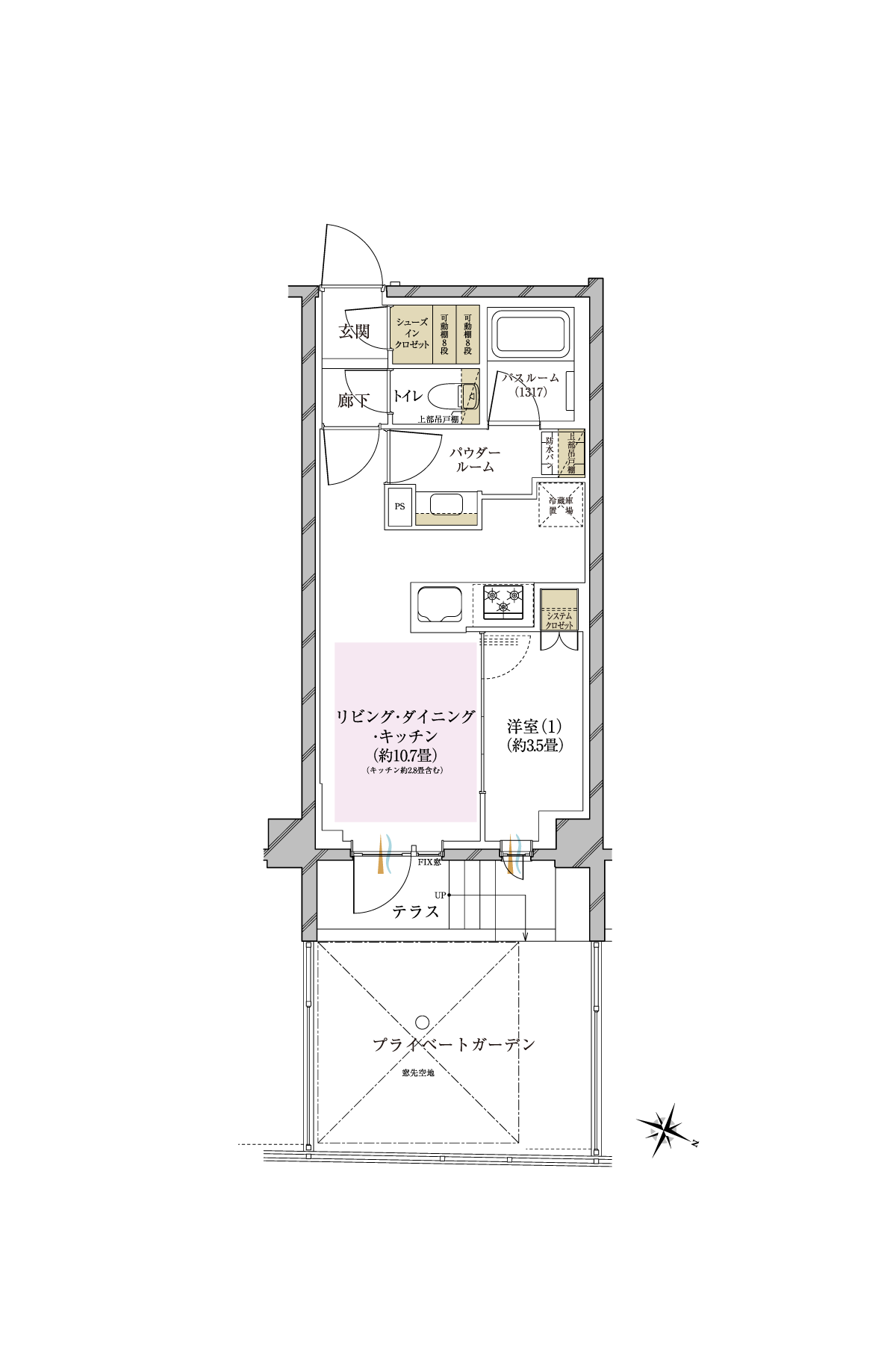 十分な広さを確保した1LDKプラン。リビング・ダイニング・キッチンに隣接する形で洋室(1)をレイアウトした生活動線を考慮し、シューズインクロゼット、ウォークインクロゼット等の収納も設けました。
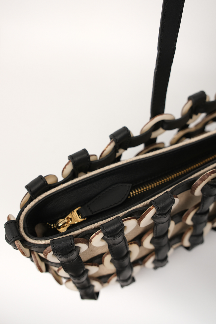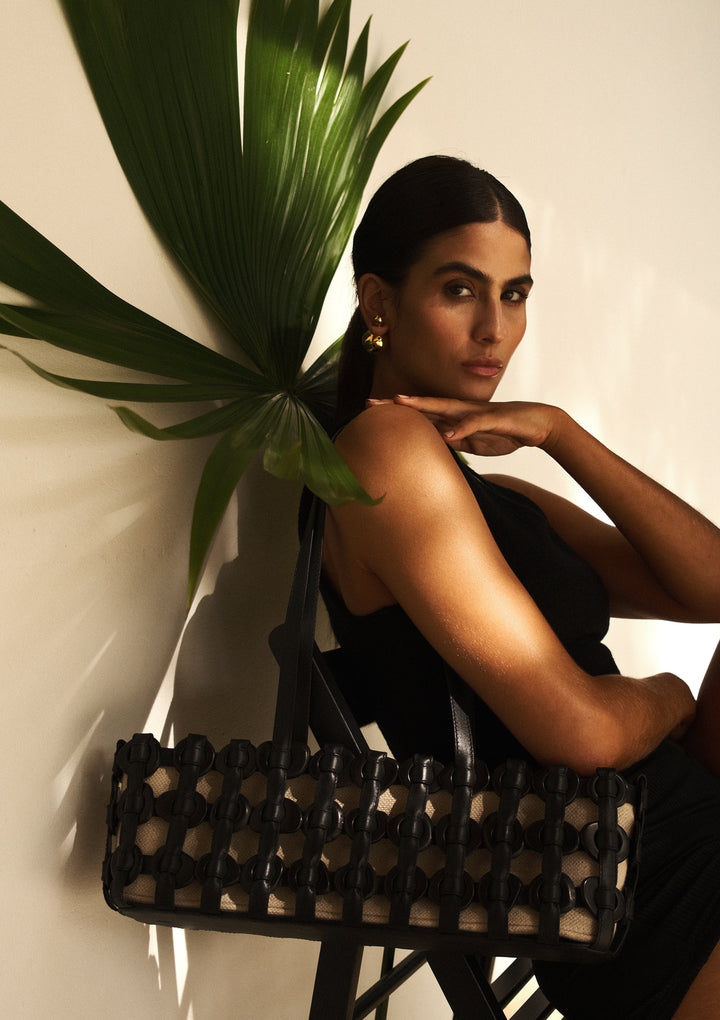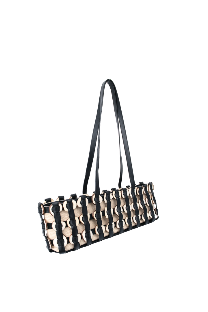 Our DEMI features an innovative baguette silhouette, an evolution of our Tagua Weaving family. Crafted with Italian leather and interwoven tagua seeds, this bag is ideal for carrying your belongings in style. It comes with a removable Hemp lining that makes it versatile and maximizes its utility. Its capacity is ideal for cell phone, keys, card holder and a small makeup pouch.
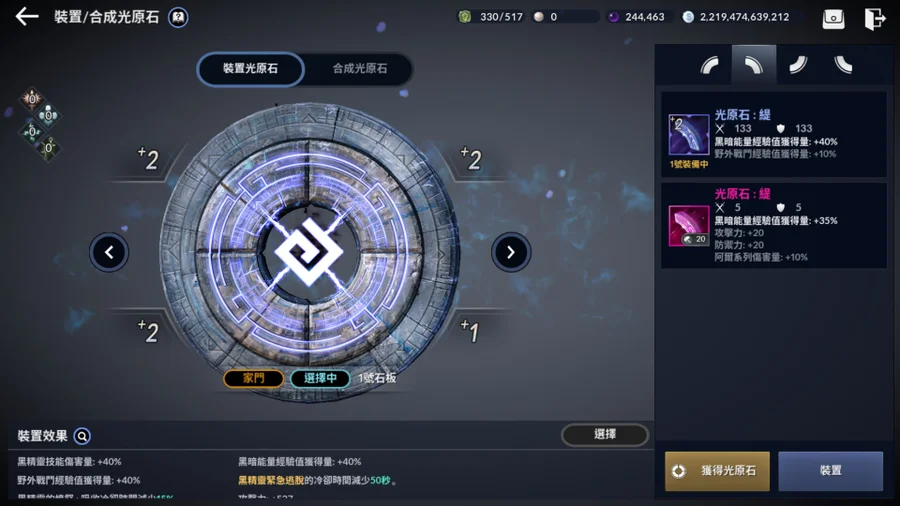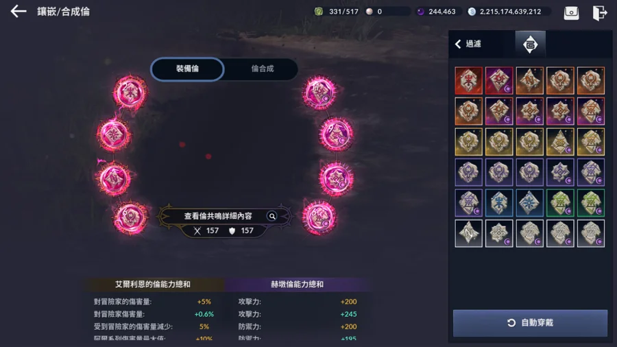 ●主角色武防裝備--- +8混沌主武器 / +8黎明輔助武器 / +8黎明頭盔 / +8黎明盔甲 / +8黎明鞋子 / +8黎明手套(全太古記憶刻印 / 全鑲滿嵌混沌水晶x30 / 全魔力刻印滿,全+100攻擊/+100防禦_頂),+8空虛項鍊(已覺醒) / +8空虛戒指(已覺醒) / +8空虛耳環(已覺醒) / +8空虛腰帶(已覺醒) / +8空虛手鐲(已覺醒)(全太古記憶刻印 / 全鑲滿精緻的混沌水晶x15 / 各部位飾品之魔力刻印_全+90以上攻擊/+90以上防禦),黑精靈倫(8個以上太古黑精靈倫, +11武力之倫 / +9鐵甲之倫 / 能量之倫 / +6經驗之倫 / +2戰爭之倫 / 意志之倫 / 阿爾之倫 / +6同行之倫 ,套用第15個倫共鳴_頂),+24協調的煉金石(鑲嵌+10混沌煉金石:突破 & +10混沌煉金石:幸運 & +9混沌煉金石:激烈 & +9混沌煉金石:勇猛,仍保留大量資源給您自由彈性選擇要衝的煉金石),+10空虛拉夫利普文物 & +10空虛阿爾文物(全太古以上紋樣,其中鑲嵌1張太古紋樣刻印書 & 3張燦爛太古紋樣刻印書_頂數值+93攻/+47防 & 1張燦爛的混沌紋樣刻印書_頂數值+133攻/+71防 & 5張混沌紋樣刻印書 ; 系列突破分別為+5/+5),+24空虛的徽章,光源石 (全混沌光源石,四種分別突破數值如圖所示;+14太古光源石=+0混沌光源石;+15太古光源石=+2混沌光源石;+16太古光源石=+4混沌光源石;製作介面可察看轉換,+15以上光源石才建議太古升為混沌,因可開箱取得),+2傳承之環 (混沌等級),+2渾沌的龜裂圖騰 (結合1個+8圖騰、2個+7圖騰),+8夜幕靈魂石/+5月光靈魂石(近期更新的新裝備機制)
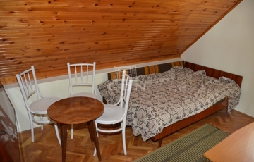 Emelet: 1 nagy és 2 kisebb szoba lambériázott mennyezettel, az egyik szobából fürdő kialakítható.
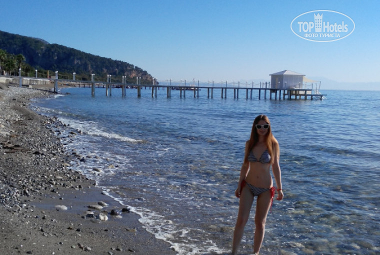 Про пляж. Очень близко, не больше 5 минут ходьбы от отеля. На берегу песок, но при входе в воду огромные камни. Без тапочек очень не удобно. Такой пляж - это особенность всего поселка Бельдиби. Рядом стоит Rixos у него такие же булыжники, на общественном - тоже. Мы ходили на дикий пляж, все туристы почему то зовут его Лагуной) Путь не самый близкий, но гулять полезно. Нужно дойти до конца поселка, пройти сквозь тоннель и сразу свернуть направо. Там не очень удобный спуск, но мы прошли. Место потрясающе красивое! Небольшой заливчик, с обоих сторон окружен скалами. И на берегу и в воде мягкий песочек. Купаться одно удовольствие и фотографии можно красивые сделать)
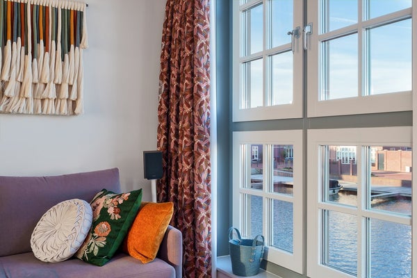 The first floor is arranged as the living room and offers an atmospheric, light-filled space with a mezzanine and stunning views over the marina. The characteristic windows with muntins, open views and the lively scene of passing boats create a truly unique living experience.
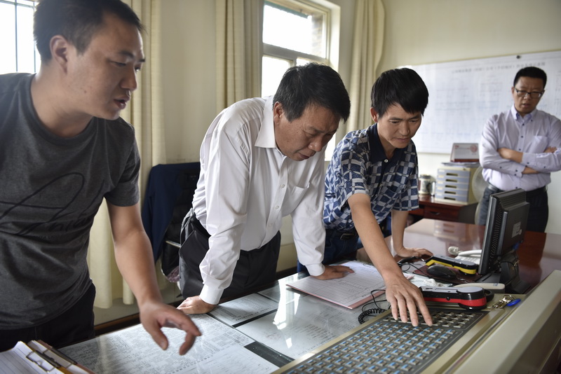 走進冶煉分公司調(diào)度室,中心大屏幕上各工序班組操作運行情況一目了然。張濤查看了調(diào)度值班記錄,詳細詢問了領(lǐng)導值班制落實情況,希望當班人員一定要加強值班,有序調(diào)度,為新中國70華誕創(chuàng)造良好的安全生產(chǎn)環(huán)境。
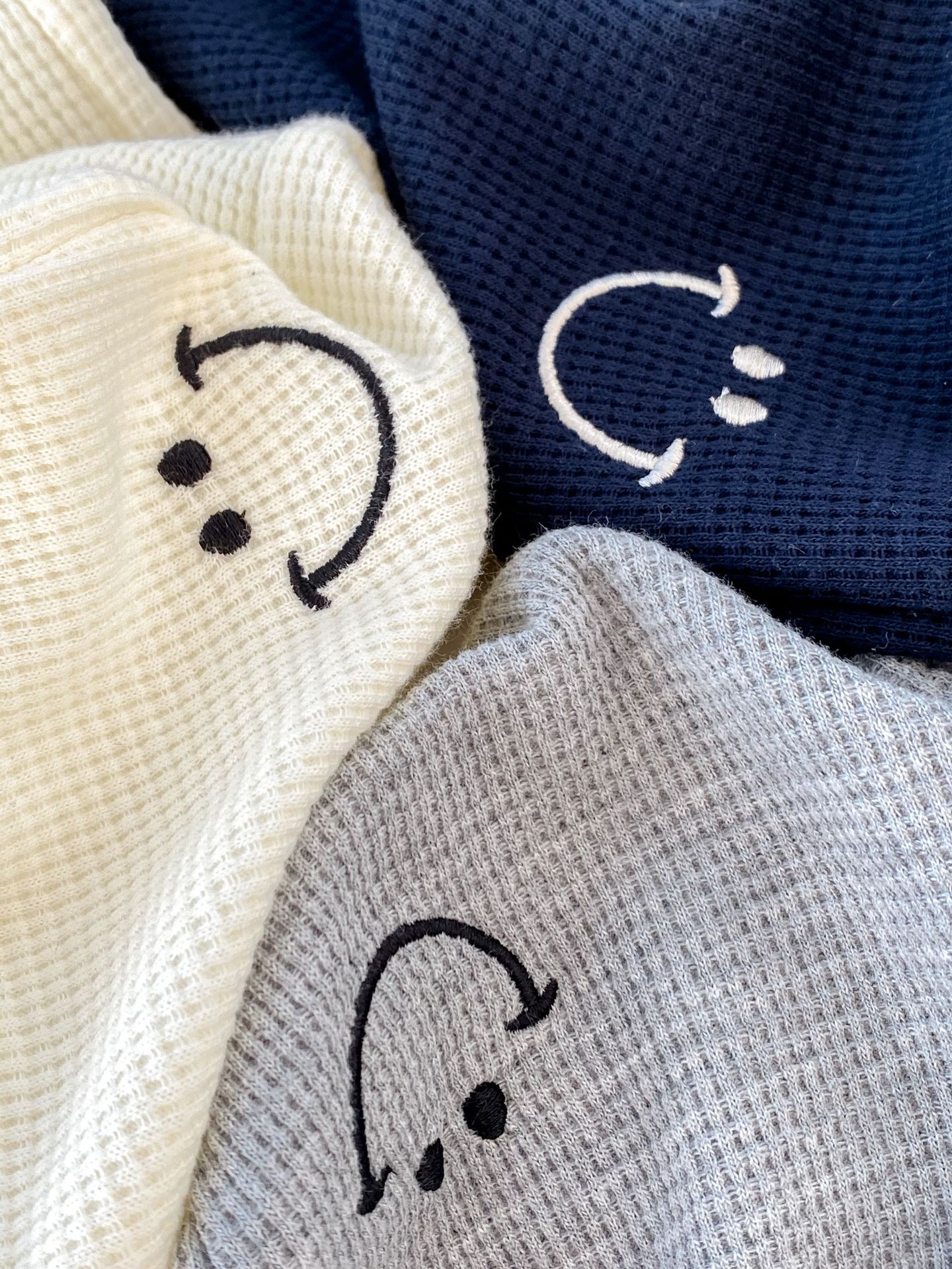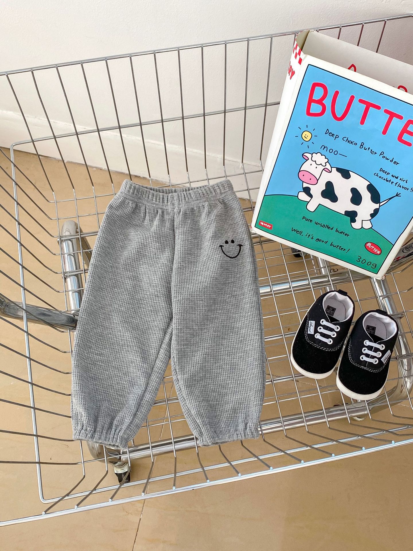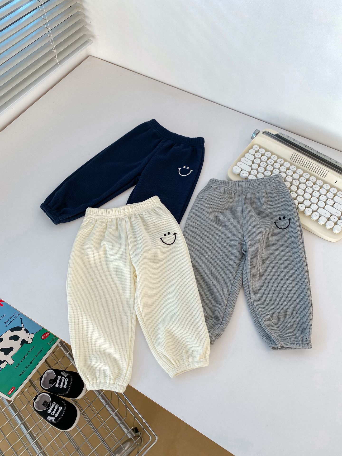 9M-5Y Toddler Boys Smiley Embroidered Waffle Track Pants Boys Boutique Clothing

## [Problem statement]
Transcribe all data precisely. Pictures are not copied.

## [Response]
 十分な広さを確保した1LDKプラン。リビング・ダイニング・キッチンに隣接する形で洋室(1)をレイアウトした生活動線を考慮し、シューズインクロゼット、ウォークインクロゼット等の収納も設けました。
 Our DEMI features an innovative baguette silhouette, an evolution of our Tagua Weaving family. Crafted with Italian leather and interwoven tagua seeds, this bag is ideal for carrying your belongings in style. It comes with a removable Hemp lining that makes it versatile and maximizes its utility. Its capacity is ideal for cell phone, keys, card holder and a small makeup pouch.
 ●主角色武防裝備--- +8混沌主武器 / +8黎明輔助武器 / +8黎明頭盔 / +8黎明盔甲 / +8黎明鞋子 / +8黎明手套(全太古記憶刻印 / 全鑲滿嵌混沌水晶x30 / 全魔力刻印滿,全+100攻擊/+100防禦_頂),+8空虛項鍊(已覺醒) / +8空虛戒指(已覺醒) / +8空虛耳環(已覺醒) / +8空虛腰帶(已覺醒) / +8空虛手鐲(已覺醒)(全太古記憶刻印 / 全鑲滿精緻的混沌水晶x15 / 各部位飾品之魔力刻印_全+90以上攻擊/+90以上防禦),黑精靈倫(8個以上太古黑精靈倫, +11武力之倫 / +9鐵甲之倫 / 能量之倫 / +6經驗之倫 / +2戰爭之倫 / 意志之倫 / 阿爾之倫 / +6同行之倫 ,套用第15個倫共鳴_頂),+24協調的煉金石(鑲嵌+10混沌煉金石:突破 & +10混沌煉金石:幸運 & +9混沌煉金石:激烈 & +9混沌煉金石:勇猛,仍保留大量資源給您自由彈性選擇要衝的煉金石),+10空虛拉夫利普文物 & +10空虛阿爾文物(全太古以上紋樣,其中鑲嵌1張太古紋樣刻印書 & 3張燦爛太古紋樣刻印書_頂數值+93攻/+47防 & 1張燦爛的混沌紋樣刻印書_頂數值+133攻/+71防 & 5張混沌紋樣刻印書 ; 系列突破分別為+5/+5),+24空虛的徽章,光源石 (全混沌光源石,四種分別突破數值如圖所示;+14太古光源石=+0混沌光源石;+15太古光源石=+2混沌光源石;+16太古光源石=+4混沌光源石;製作介面可察看轉換,+15以上光源石才建議太古升為混沌,因可開箱取得),+2傳承之環 (混沌等級),+2渾沌的龜裂圖騰 (結合1個+8圖騰、2個+7圖騰),+8夜幕靈魂石/+5月光靈魂石(近期更新的新裝備機制)
 Emelet: 1 nagy és 2 kisebb szoba lambériázott mennyezettel, az egyik szobából fürdő kialakítható.
 Про пляж. Очень близко, не больше 5 минут ходьбы от отеля. На берегу песок, но при входе в воду огромные камни. Без тапочек очень не удобно. Такой пляж - это особенность всего поселка Бельдиби. Рядом стоит Rixos у него такие же булыжники, на общественном - тоже. Мы ходили на дикий пляж, все туристы почему то зовут его Лагуной) Путь не самый близкий, но гулять полезно. Нужно дойти до конца поселка, пройти сквозь тоннель и сразу свернуть направо. Там не очень удобный спуск, но мы прошли. Место потрясающе красивое! Небольшой заливчик, с обоих сторон окружен скалами. И на берегу и в воде мягкий песочек. Купаться одно удовольствие и фотографии можно красивые сделать)
 The first floor is arranged as the living room and offers an atmospheric, light-filled space with a mezzanine and stunning views over the marina. The characteristic windows with muntins, open views and the lively scene of passing boats create a truly unique living experience.
 走進冶煉分公司調(diào)度室,中心大屏幕上各工序班組操作運行情況一目了然。張濤查看了調(diào)度值班記錄,詳細詢問了領(lǐng)導值班制落實情況,希望當班人員一定要加強值班,有序調(diào)度,為新中國70華誕創(chuàng)造良好的安全生產(chǎn)環(huán)境。
 9M-5Y Toddler Boys Smiley Embroidered Waffle Track Pants Boys Boutique Clothing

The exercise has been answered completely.